Supplied information ->
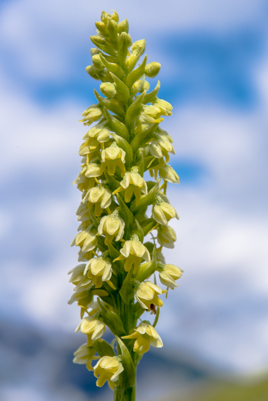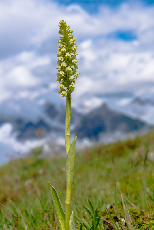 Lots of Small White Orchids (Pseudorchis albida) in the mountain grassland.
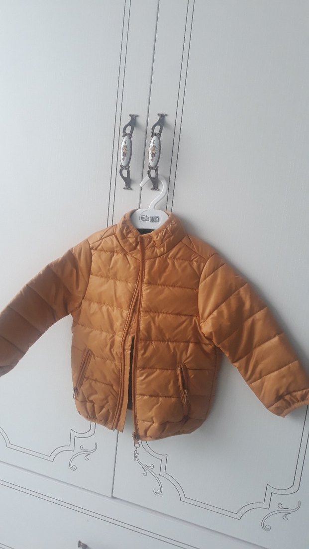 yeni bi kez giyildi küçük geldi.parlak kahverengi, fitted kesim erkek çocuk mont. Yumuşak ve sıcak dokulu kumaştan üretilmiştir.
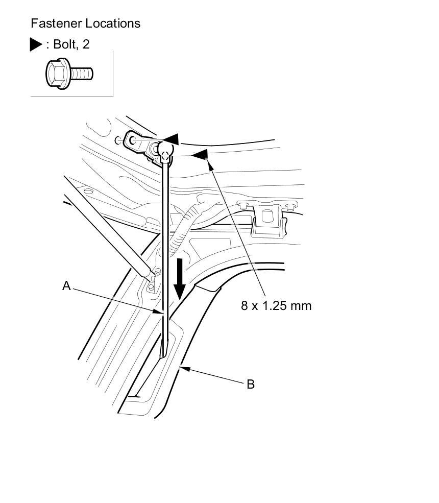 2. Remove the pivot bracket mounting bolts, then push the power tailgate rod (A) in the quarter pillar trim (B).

Task to complete -> Please retype the whole listing above word for word and drop the pictures.

Written answer ->
 Lots of Small White Orchids (Pseudorchis albida) in the mountain grassland.
 yeni bi kez giyildi küçük geldi.parlak kahverengi, fitted kesim erkek çocuk mont. Yumuşak ve sıcak dokulu kumaştan üretilmiştir.
 2. Remove the pivot bracket mounting bolts, then push the power tailgate rod (A) in the quarter pillar trim (B).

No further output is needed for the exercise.